## A simple one hidden layer neural net example

Start the program

In [None]:
#import py_compile
#py_compile.compile('rbm_classic.py')


print "Starting program"

### Start of mnist data setup

Import the needed modules and load the data.

In [None]:
# Import needed modules
import numpy
import theano
import theano.tensor as T
rng = numpy.random
import os
import gzip
import cPickle

try:
    import PIL.Image as Image
except ImportError:
    import Image
from utils import tile_raster_images

print "Looking for mnist data"

#############
# LOAD DATA #
#############
dataset = 'mnist.pkl.gz' 

# Download the MNIST dataset if it is not present
data_dir, data_file = os.path.split(dataset) 

# If the file does not exist and there was no data_dir specified
if not os.path.isfile(dataset) and data_dir == "":
    print "File %s not found" %dataset
    print "Looking in data directory"
    # Check if dataset is in the data directory.
    new_path = os.path.join(
        os.getcwd(),
        "Python",
        "data",
        "mnist",
        dataset
    )
    dataset = new_path

# If the dataset had a data_dir or we added the standard
# data directory, look for the file there
if not os.path.isfile(dataset):
    print "File %s not found" %dataset
    print "Downloading mnist file from web"
    # If the file is still not found, 
    # we download a copy
    import urllib
    origin = (
        'http://www.iro.umontreal.ca/~lisa/deep/data/mnist/mnist.pkl.gz'
    )
    print 'Downloading data from %s' % origin
    urllib.urlretrieve(origin, dataset)
else:
    # If we find the file, we notify the user
    print "File %s found" %dataset

print '... loading data'
# Load the dataset
f = gzip.open(dataset, 'rb')
train_set, valid_set, test_set = cPickle.load(f)
f.close()
print '... data loaded'

#train_set, valid_set, test_set format: tuple(input, target)
#input is an numpy.ndarray of 2 dimensions (a matrix)
#witch row's correspond to an example. target is a
#numpy.ndarray of 1 dimensions (vector)) that have the same length as
#the number of rows in the input.

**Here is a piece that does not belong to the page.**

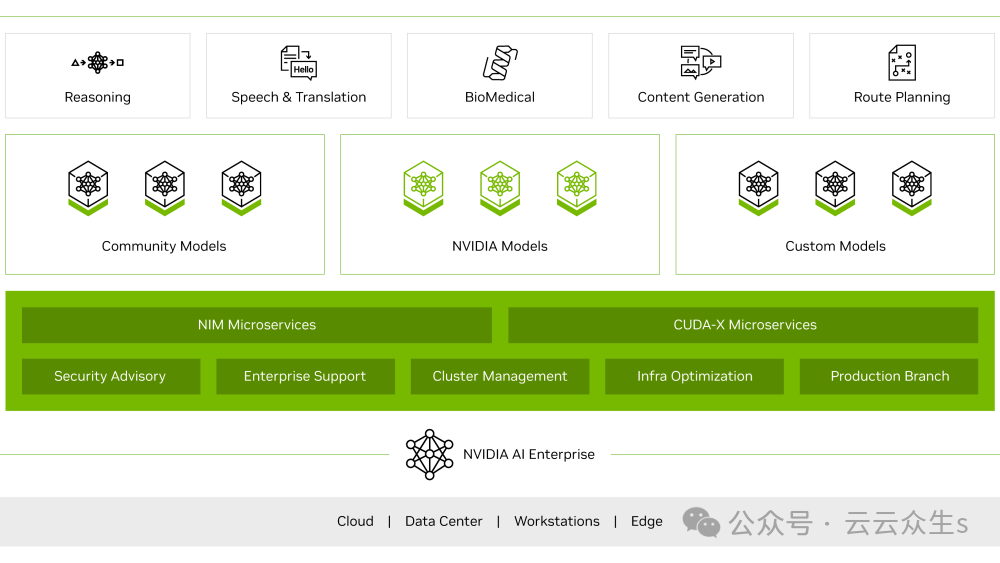 NVIDIA NIM 正在迅速成为开发者访问最新生成式 AI 模型的首选。最近,当Google推出Gemma 2 2B LLM 时,它与 Hugging Face 和 Kaggle 一起在 NIM 上提供了该模型。展望未来,您可以期待其他模型提供商在其 NVIDIA NIM 推理平台上提供其模型。 我将在本系列的后续教程中详细探讨 NIM API。 NVIDIA AI Enterprise 中的 NVIDIA NIM英伟达 AI 企业版是一个全面的、云原生软件平台,它可以加速数据科学管道,简化生产级副驾驶和其他生成式 AI 应用程序的开发和部署。作为该平台的一部分,英伟达 NIM 是一套易于使用的推理微服务,使开发人员能够在任何云或数据中心部署基础模型,同时保持其数据安全。 英伟达 AI 平台的软件层,英伟达 AI 企业版,加速了数据科学管道,简化了生产 AI 的开发和部署——包括生成式 AI、计算机视觉、语音 AI 等。凭借超过 100 个框架、预训练模型、开发工具和微服务,英伟达 AI 企业版旨在加速企业迈向 AI 的领先地位,同时简化 AI,使其对每家企业都触手可及。

It should give the target
#target to the example with the same index in the input.


start_training   = 0
start_validation = 0
start_testing    = 0

train_set_x, train_set_y = train_set

valid_set_x, valid_set_y = valid_set

test_set_x,  test_set_y  = test_set

### End of mnist or other data setup

Assign names to the different sets of data

In [None]:
Train = (train_set_x)

Valid = (valid_set_x)
Test =  (test_set_x)

Define training rate and number of training steps.
The training rate defines how fast we move towards
minimising the error (too large a training rate can make
the algorithm overshoot the minimum and never achieve stability).
The number of training steps define after how many steps we 
stop training our network.

In [None]:
#training rate
#tr_rate = 0.01
# number of epochs
#epochs = 10
# number of neurons in hidden layer

neuron = 10
nhidden = neuron*neuron

Declare the symbolic variables.
x will represent the input, i.e. a matrix of random numbers of size feats for each example (this is the D[0] entry defined above.
y will represent the output, i.e. whether the example belongs to class 0 or class 1

In [None]:
feats = Train.shape[1]

# Declare Theano symbolic variables
x = T.matrix("x")

Define the vector of weights and the bias.
There are num_classes weights associated to each feature, where the output is num_classes neurons.
There are num_classes biases since there are num_classes output neurons.
The weights are randomly initialised, the biases can be initialised to 0.0 or a small value.

In [None]:
# Weights of the network
w = theano.shared(rng.normal(0, 1, (feats, nhidden)), borrow = True)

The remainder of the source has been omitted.